● Work to complete: Look below for the line with "Director FCS&CA along"; begin the copy there and stop after the line with "389 Vale Gier", keeping the text exact and the pictures out.

*** Opening of The data ***

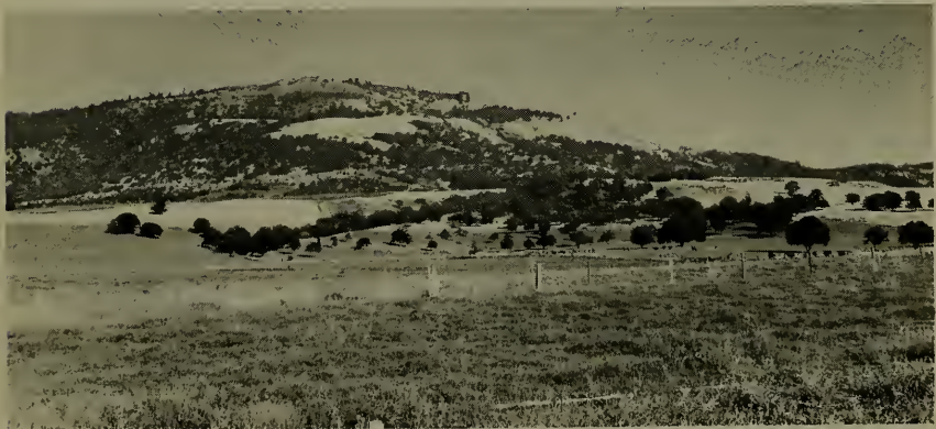
Fig. 3. Quercus groves and diversified farmland east of Medford. Ceanothus spp., Rhus diversiloba , and oak groves on the west slope of Mount Baldy are interrupted with open areas of short grasses and annuals.

The remaining portion of Jackson County is mountainous and dominated by coniferous forest. This upland part of the county is in the Oregonian Province (Dice 1943:31), which includes the Cascade Mountains of northern Jackson County west and north of Union Creek
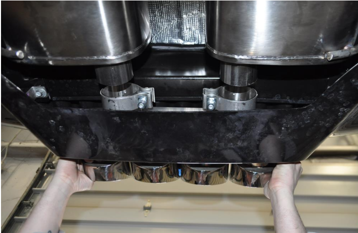
Fig. A Fig. B
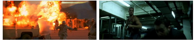
Figure 1: Example frames of violent scenes in movies.
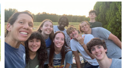
Students received cards from their Prayer Pals
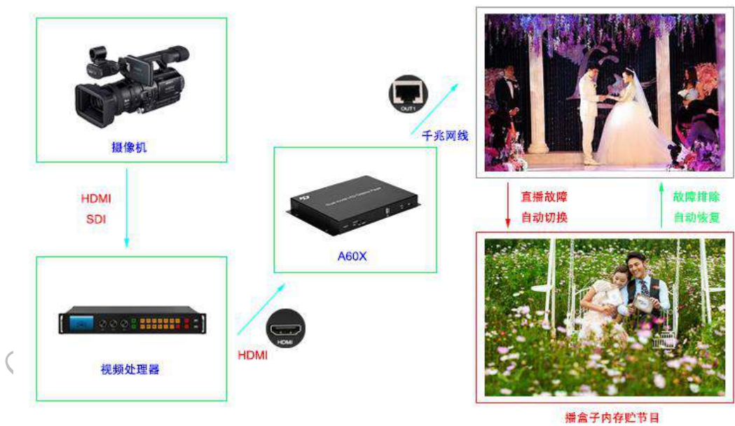
Display camera images synchronously
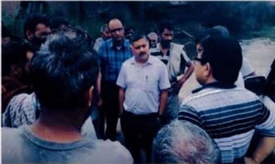
Director FCS&CA along with other officials inspecting Jammu Central store on Saturday
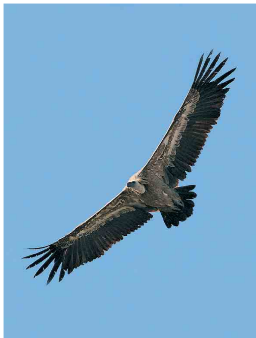
389 Vale Gier / Eurasian Griffon Vulture Gyps fulvus , Oss, Noord-Brabant, 19 juni 2007

dag voor vogelaars van buiten Zeeland geen situatie voor dat je 'kon gaan rijden' op een groep pleisterende gieren en naarmate het later werd had ik (Co van der Wardt) wat dat betreft de hoop al vrijwel opgegeven. Tegen 20:30 belde WJ echter dat er een melding was van c 20 mogelijke Vale Gieren die zich op dat moment zouden bevinden langs de Brandstraat in Geffen, Noord-Brabant. De Brandstraat is nog geen 15 min rijden van mijn huis in Vinkel. Bij aankomst op de plek stonden er al groepjes buurtbewoners te kijken en vrijwel direct vielen de 'witte bontkragen' op die her en der in de bomen te zien waren. Ik kon WJ dus goed nieuws doorbellen dat hij vervolgens verder wereld- kundig maakte. Ik had nog net tijd om met een onder- gaande zon wat foto's te maken. Ter plekke – er was inmiddels een behoorlijke groep mensen gearriveerd – hoorde ik hoe het allemaal gegaan was. Een aantal 'grote vogels' was geland in een paar bomen in de wei- landen aan de Brandstraat en omgeving. Een familie die daar woont zag dat en consulteerde de Vogelwerkgroep Oss. Die ondernamen actie en zo bereikte het bericht uiteindelijk ook WJ. Hoeveel het er nu precies waren was moeilijk te zeggen. Ze zaten behoorlijk verspreid over het gebied en wisten zich in sommige bomen goed te verstoppen. We dachten dat
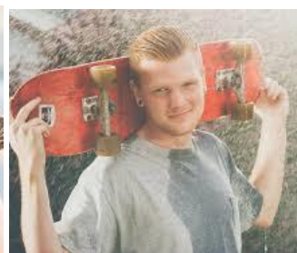
Prop used, fuzzy

*** Close of The data ***

● Result below:
Director FCS&CA along with other officials inspecting Jammu Central store on Saturday
389 Vale Gier / Eurasian Griffon Vulture Gyps fulvus , Oss, Noord-Brabant, 19 juni 2007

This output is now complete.